*MATERIAL PROVIDED*
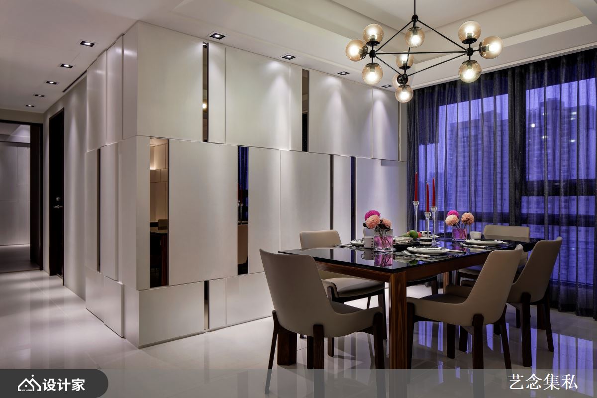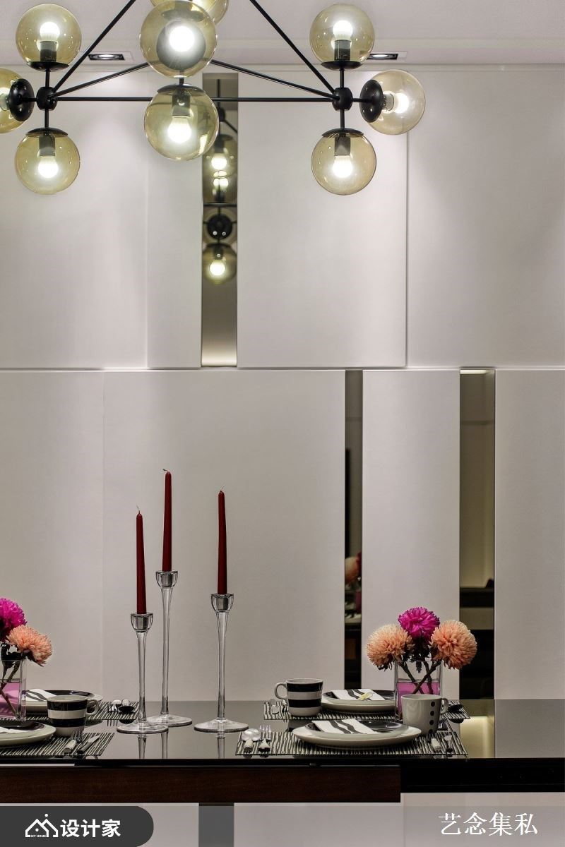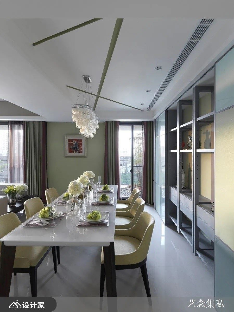 方形餐桌给人简约温馨的氛围,而延展的长型餐桌则让意象带回到欧洲宫廷飨宴的场景。艺念集私空间设计张绍华与黄千祝总监喜欢在空间中以长桌取代方桌,一来能透过餐桌比例调整空间感营造大器感受,另一方面长桌可以容纳更多的成员依同用餐,家庭成员较少也可以拥有更阔做的桌面使用。像是以清新的绿色为主调的住宅,在长桌配置上白色大理石桌配上浅绿色餐椅,皮革质感清新高雅,桌上的花饰也挑选同色系做呼应;而现代感比较强烈的住宅空间,则运用层次与镜面形塑现代感的背墙,搭配典雅的木质调餐桌与大力色皮革餐椅,灯饰配置也从水晶吊灯换成了铁件设计灯饰,演绎别致的用餐氛围。
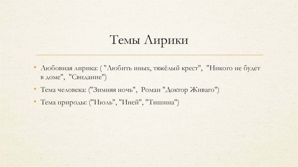 Темы Лирики• Любовная лирика: ( "Любить иных, тяжёлый крест", "Никого не будет
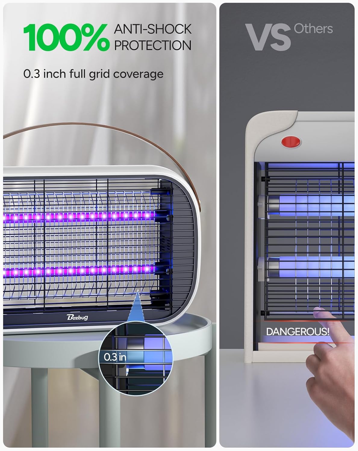 - 360° All-round Protection: There is a dense protective net on the outside of the product to prevent fingers from entering the inside of the device. ABS insulated plastic case to prevent electric shock. The product kills insects physically and emits no odors or smoke. There is a power switch on the right side of the zapper, which can easily cut off the power.
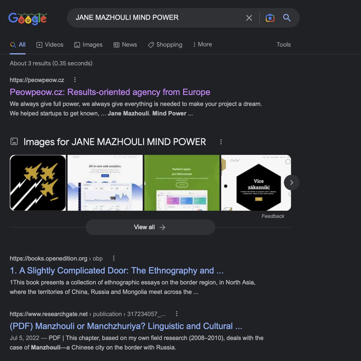 Zůstaňme ale chvilku na strance peowpeow.cz. Na stránkách se opakovaně vyskytuje citace spokojených zákazníků. Zkuste zkopírovat a vyhledat jejich jméno. Že vám to nic relevantního nenašlo? Zajímavé, že?
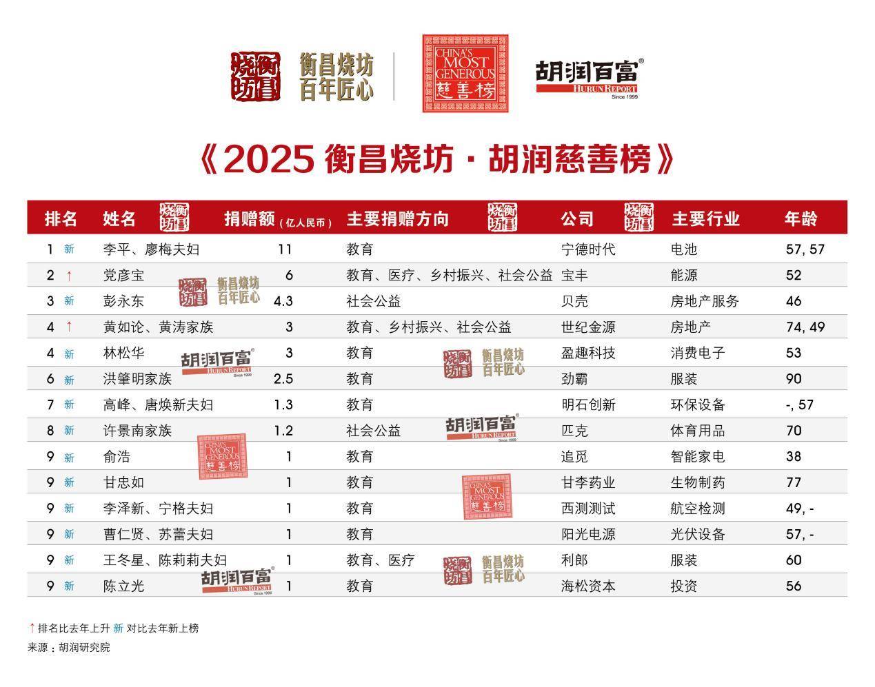 湖北日报讯(记者肖丽琼)11月4日,胡润研究院发布《2025衡昌烧坊·胡润慈善榜》。榜单统计了2024年9月1日至2025年8月31日期间中国企业家及个人的现金、股权捐赠以及有法律效力的承诺捐赠,14位慈善家上榜。值得关注的是,在未计入本次榜单的大额捐赠中,华中科技大学获得一笔1.8亿元的校友匿名捐赠引发关注。

*THE PROBLEM*
With the pictures removed, set down every line of the listing above exactly.

*SOLUTION TO THIS PROBLEM*
 方形餐桌给人简约温馨的氛围,而延展的长型餐桌则让意象带回到欧洲宫廷飨宴的场景。艺念集私空间设计张绍华与黄千祝总监喜欢在空间中以长桌取代方桌,一来能透过餐桌比例调整空间感营造大器感受,另一方面长桌可以容纳更多的成员依同用餐,家庭成员较少也可以拥有更阔做的桌面使用。像是以清新的绿色为主调的住宅,在长桌配置上白色大理石桌配上浅绿色餐椅,皮革质感清新高雅,桌上的花饰也挑选同色系做呼应;而现代感比较强烈的住宅空间,则运用层次与镜面形塑现代感的背墙,搭配典雅的木质调餐桌与大力色皮革餐椅,灯饰配置也从水晶吊灯换成了铁件设计灯饰,演绎别致的用餐氛围。
 Темы Лирики• Любовная лирика: ( "Любить иных, тяжёлый крест", "Никого не будет
 - 360° All-round Protection: There is a dense protective net on the outside of the product to prevent fingers from entering the inside of the device. ABS insulated plastic case to prevent electric shock. The product kills insects physically and emits no odors or smoke. There is a power switch on the right side of the zapper, which can easily cut off the power.
 Zůstaňme ale chvilku na strance peowpeow.cz. Na stránkách se opakovaně vyskytuje citace spokojených zákazníků. Zkuste zkopírovat a vyhledat jejich jméno. Že vám to nic relevantního nenašlo? Zajímavé, že?
 湖北日报讯(记者肖丽琼)11月4日,胡润研究院发布《2025衡昌烧坊·胡润慈善榜》。榜单统计了2024年9月1日至2025年8月31日期间中国企业家及个人的现金、股权捐赠以及有法律效力的承诺捐赠,14位慈善家上榜。值得关注的是,在未计入本次榜单的大额捐赠中,华中科技大学获得一笔1.8亿元的校友匿名捐赠引发关注。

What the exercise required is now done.